Le terme de « paradis fiscal » n'apparaît pas dans l'index alphabétique du Code Général des Impôts français. Les paradis fiscaux peuvent néanmoins se définir comme des pays qui appliquent un régime fiscal dérogatoire tel qu'il conduit à un niveau d'imposition anormalement bas », comme il apparaît dans une instruction du Ministère des Finances datant du 18 mai 1973. Dans la
mesure où ils désignent des territoires où les contribuables se voient imposer à des niveaux notablement moins élevés que dans leur pays d'origine, les paradis fiscaux sont tout à fait relatifs. Tout pays est susceptible d'être le
paradis fiscal d'un autre.
Les territoires communément considérés comme des paradis fiscaux réunissent un certain nombre de caractéristiques. En plus d'un faible niveau voire d'une absence d'
imposition, ils se doivent de proposer stabilité
Politique et économique, liberté de changes, secteur financier exceptionnellement développé, conventions fiscales faible ou inexistantes, et secrets commercial et bancaire inébranlables.
Les paradis fiscaux peuvent être des Etats à part entière, ou des dépendances liés à un pays. En font partie en Europe la
Suisse, le Liechtenstein, Jersey et
Guernesey. Les Caraïbes en contiennent la majorité,
îles Caïmans,
Bermudes, Turks and Caïcos.
Panama et Bélize, ainsi que Vanatu, dans le Pacifique, sont également considérés comme tels. On estime que les paradis fiscaux abriteraient 3% de la richesse mondiale.
Du fait des conditions favorables qu'ils leur offrent, les paradis fiscaux attirent les sièges sociaux des grandes entreprises. Mais l'opacité de leurs circuits financiers garantit par le secret bancaire, inscrit dans la loi, facilite également la vie aux terroristes, mafieux et entrepreneurs ou hommes politiques corrompus. 4 000
banques off-shore et 2,4 millions de sociétés écran y sont implantées. Fraudes fiscales et blanchiment de l'argent issu de la criminalité peuvent s'y épanouir en toute sérénité.
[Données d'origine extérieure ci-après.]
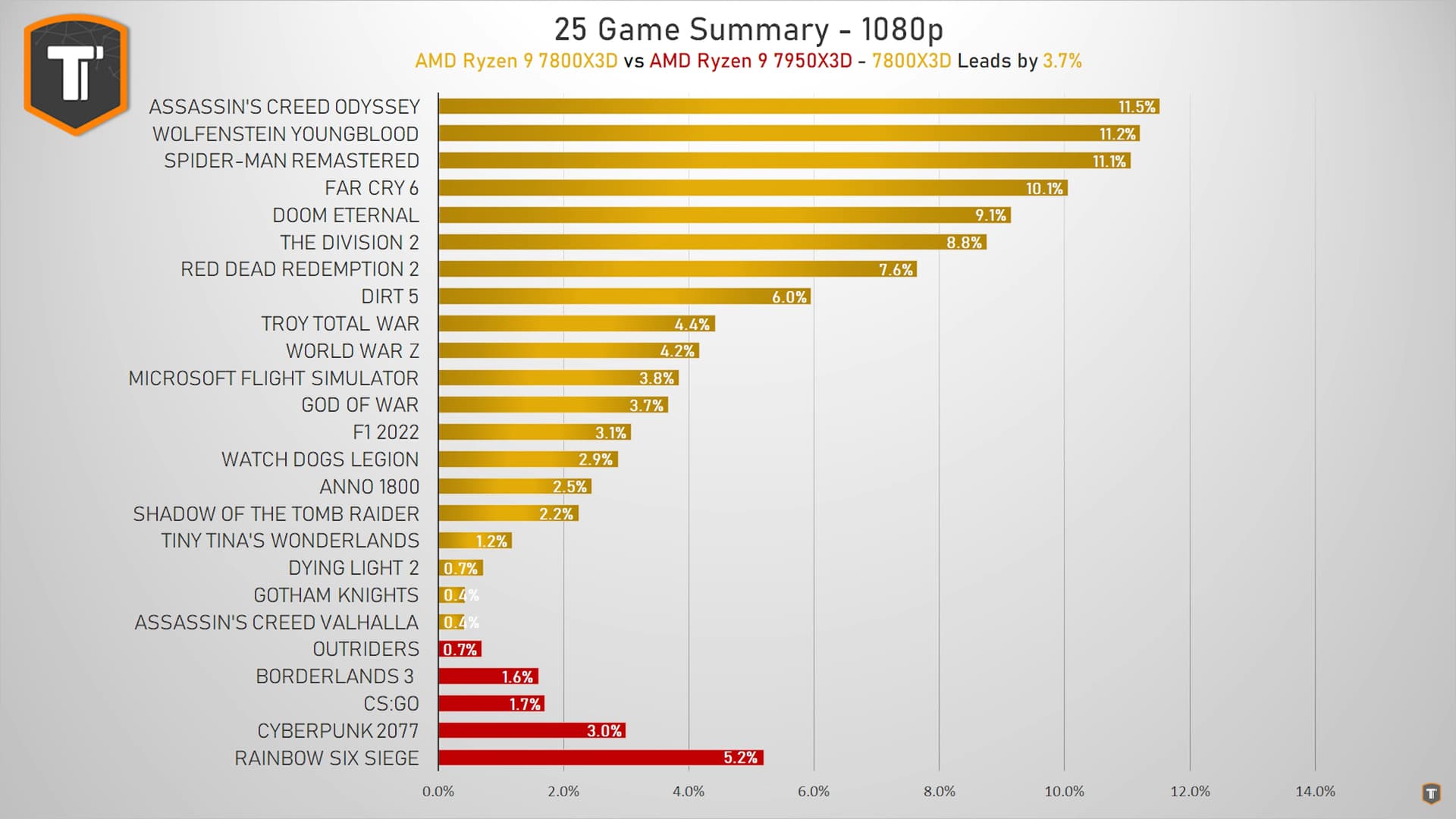 Then I read reviews and see benchmarks from Techtesters or Paul’s Hardware were the % it is almost marginal between the 7950x and the 7950x3D. A very round 10%.

Les paradis fiscaux refusent en effet généralement de coopérer aux enquêtes menées par les juges étrangers, garantissant ainsi l'immunité judiciaire à tous les criminels et simples hommes d'affaires véreux qui s'y réfugient. En 1996, plusieurs magistrats européens avaient lancé l'appel de Genève, réclamant une harmonisation fiscale et judiciaire en
Europe et la levée du
secret bancaire. Dix ans après, la situation n'a pourtant nullement évolué. En 2006, une enquête judiciaire menée aux
Etats-Unis a révélé que de nombreux milliardaires détournaient de l'argent grâce aux paradis fiscaux, en y ouvrant des comptes au nom de sociétés fictives, et faisaient perdre aux
impôts jusqu'à 70 milliards de dollars chaque année. En
France, le montant de la fraude fiscale est estimé au minimum à 45 milliards d'
euros.
La lutte contre les paradis fiscaux se trouve mise en difficulté par la quasi absence d'harmonisation entre les systèmes judiciaires des différents pays. Il est de plus bien difficile d'agir à l'encontre de la souveraineté des Etats en matière de législation fiscale. La lutte en demeure pour le moment au niveau législatif, aucune mesure de rétorsion n'a encore été envisagée. Ni les médias ni les populations des
Pays industrialisés ne se sentent particulièrement concernés. La criminalité financière est en effet discrète, bien moins visible que la délinquance. La volonté semble donc sensiblement manquer de lutter efficacement pour l'éradiquer.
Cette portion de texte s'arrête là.